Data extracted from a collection
+ + +
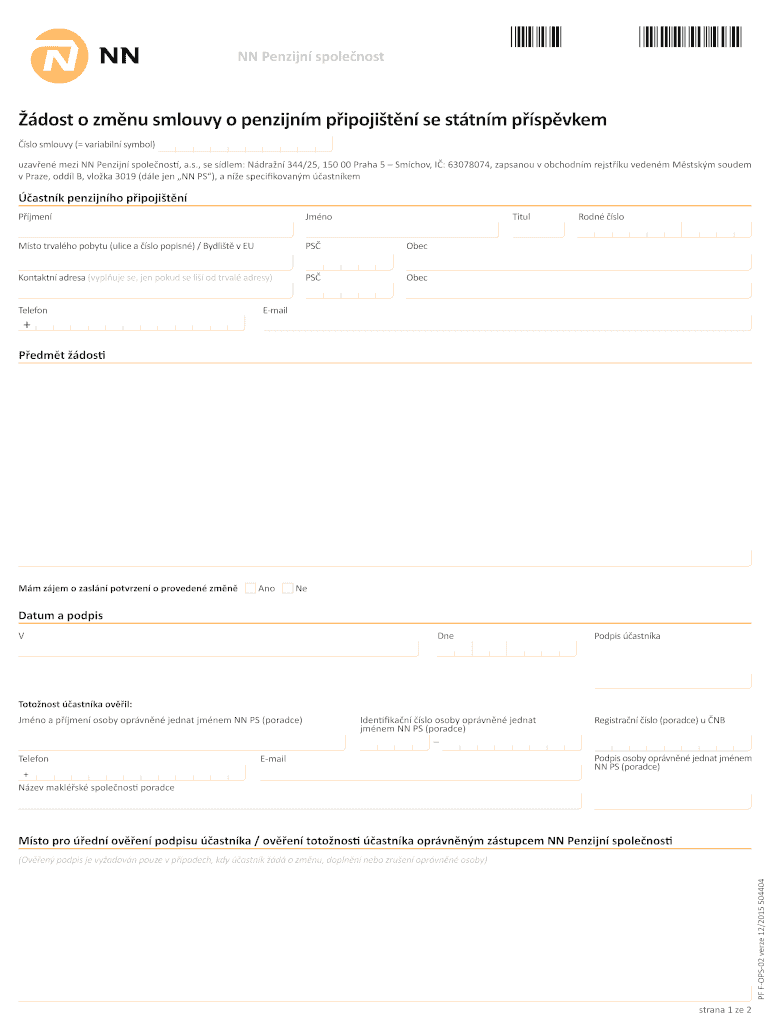 Get the free Nu smlouvy o penzijnm pipojit n se sttnm p sp - penze nn
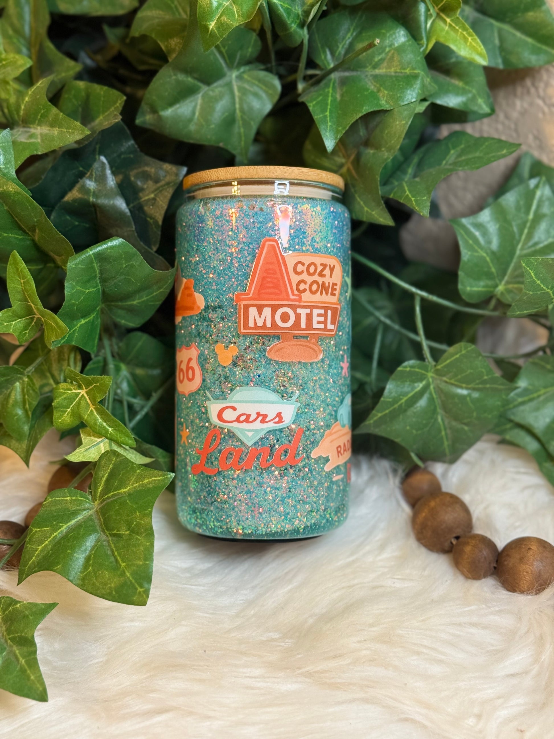 16 oz Double Wall Glass Can Snow Globe. Usable cup comes with hard plastic straw. Give it a shake to see the glitter move.
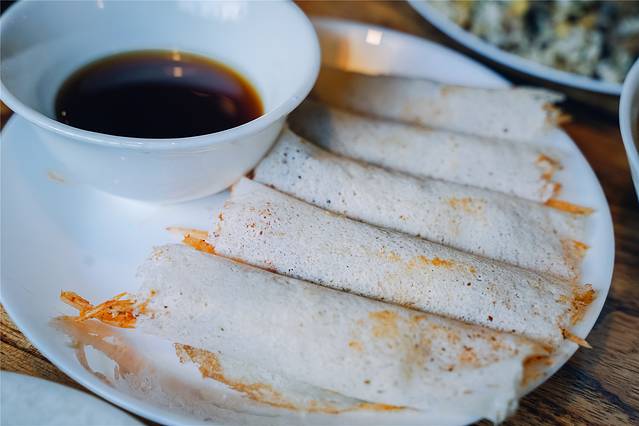 这个手工薄饼真的特别好吃,以前吃得薄饼都是包菜的,但这里好像报了萝卜丝还有一些别的,蘸料是酸甜的,整个薄饼酸甜爽口,一份才五元,一定要吃一下!
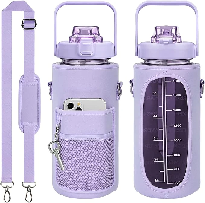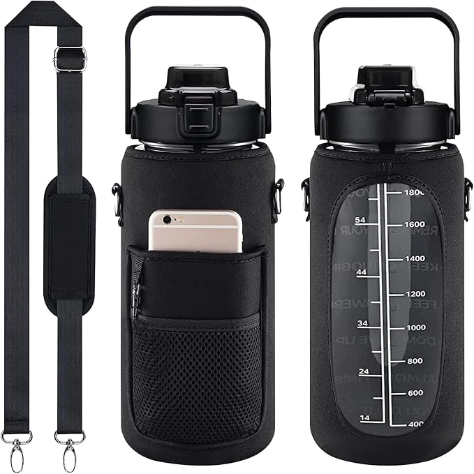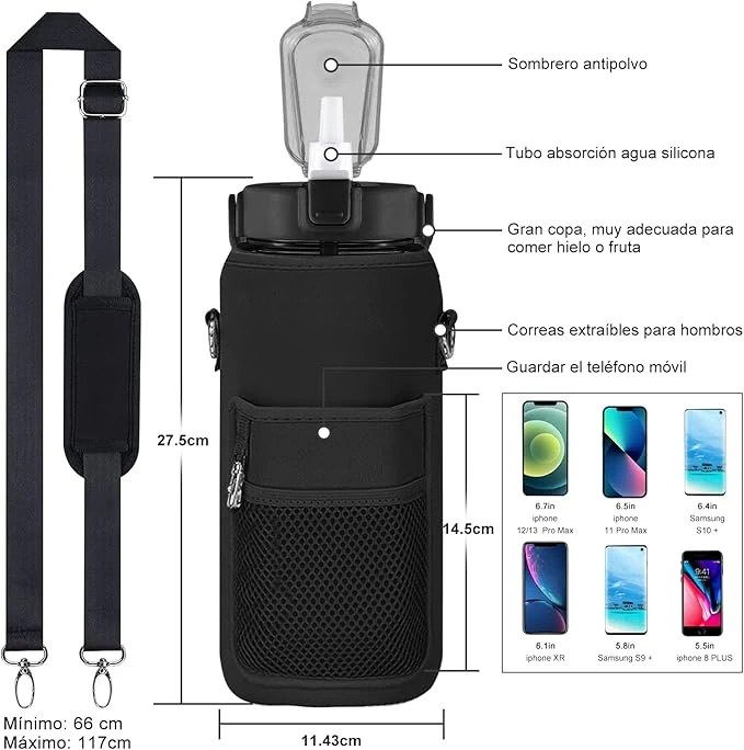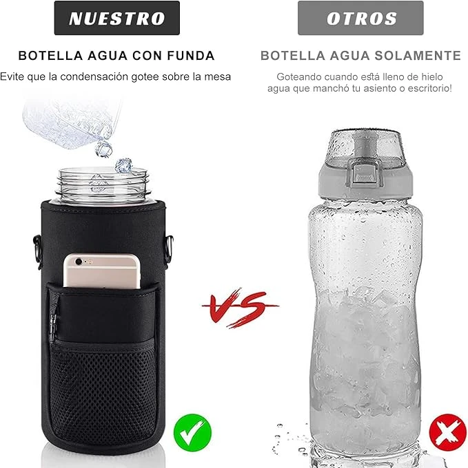 Botella Agua con Funda Protectora, Botella de Agua 2 Litros con Pajita
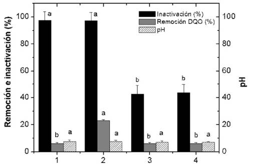 En la Figura 1 se presentan los resultados para el porcentaje de inactivación de Salmonella spp, remoción de DQO y pH final en función de los cuatro tratamientos. Se observaron diferencias significativas entre tratamientos (p<0.0001) con respecto al
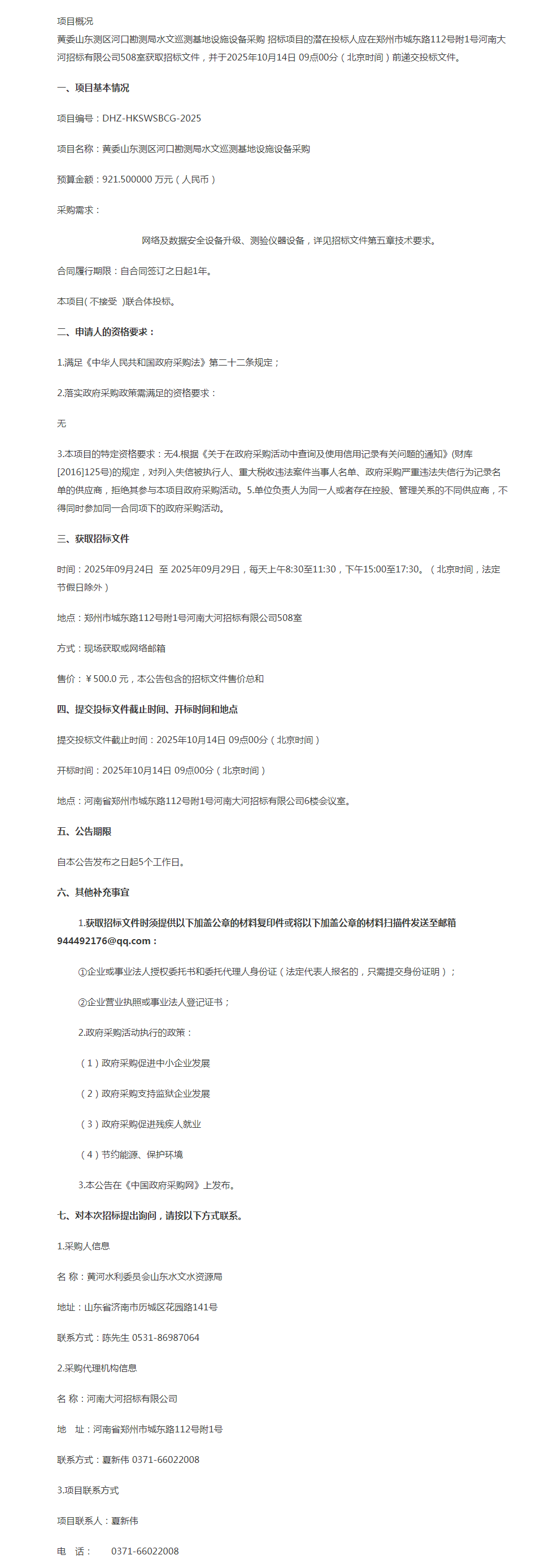 黄委山东测区河口勘测局水文巡测基地设施设备采购公开招标公告
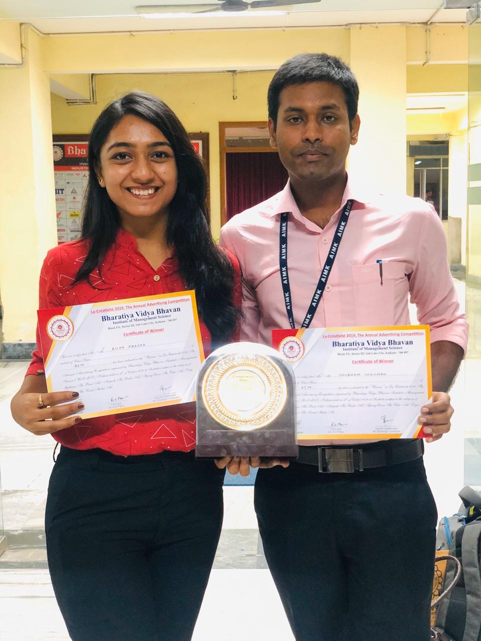 “A good Ad isn’t an Ad that makes you think about it, a good ad is an ad that makes you want to go out and buy it.”On 19th of October, 2019, the Students of AIMK attended an Ad-mad fest – “La Creativitae” organized by Bharatiya Vidya Bhavan Institute of Management Science, Kolkata. More than 10 colleges across Kolkata region participated in the event. The event focused on different aspect of advertising medium which has an informative effect on the consumers. Our student showcased their advertisement skills in various ad competitions and secured winner positions in Airpush (the Radio Ad) and Digi-Bharat (the Social Media Ad). It was a great learning experience for all the participants as they got an opportunity to exchange new ideas.
+ + +
■ **Problem to solve**: Give back exactly the lines from the first line of the data through the line with "黄委山东测区河口勘测局水文巡测基地设施设备采购公开招标公告", pictures excluded.

■ **Reply to the task**:
 Get the free Nu smlouvy o penzijnm pipojit n se sttnm p sp - penze nn
 16 oz Double Wall Glass Can Snow Globe. Usable cup comes with hard plastic straw. Give it a shake to see the glitter move.
 这个手工薄饼真的特别好吃,以前吃得薄饼都是包菜的,但这里好像报了萝卜丝还有一些别的,蘸料是酸甜的,整个薄饼酸甜爽口,一份才五元,一定要吃一下!
 Botella Agua con Funda Protectora, Botella de Agua 2 Litros con Pajita
 En la Figura 1 se presentan los resultados para el porcentaje de inactivación de Salmonella spp, remoción de DQO y pH final en función de los cuatro tratamientos. Se observaron diferencias significativas entre tratamientos (p<0.0001) con respecto al
 黄委山东测区河口勘测局水文巡测基地设施设备采购公开招标公告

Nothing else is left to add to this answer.